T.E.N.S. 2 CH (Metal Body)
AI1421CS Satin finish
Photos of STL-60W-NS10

□ □ □ □

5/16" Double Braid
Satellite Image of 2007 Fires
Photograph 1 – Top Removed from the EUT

□ □ □ □

● **Task prompt**
Working from the data above, extract solely the lines from the one containing "T.E.N.S. 2 CH (Metal Body)" through the one containing "Photos of STL-60W-NS10", exactly as they appear, both included.

● **Solution to this task**
T.E.N.S. 2 CH (Metal Body)
AI1421CS Satin finish
Photos of STL-60W-NS10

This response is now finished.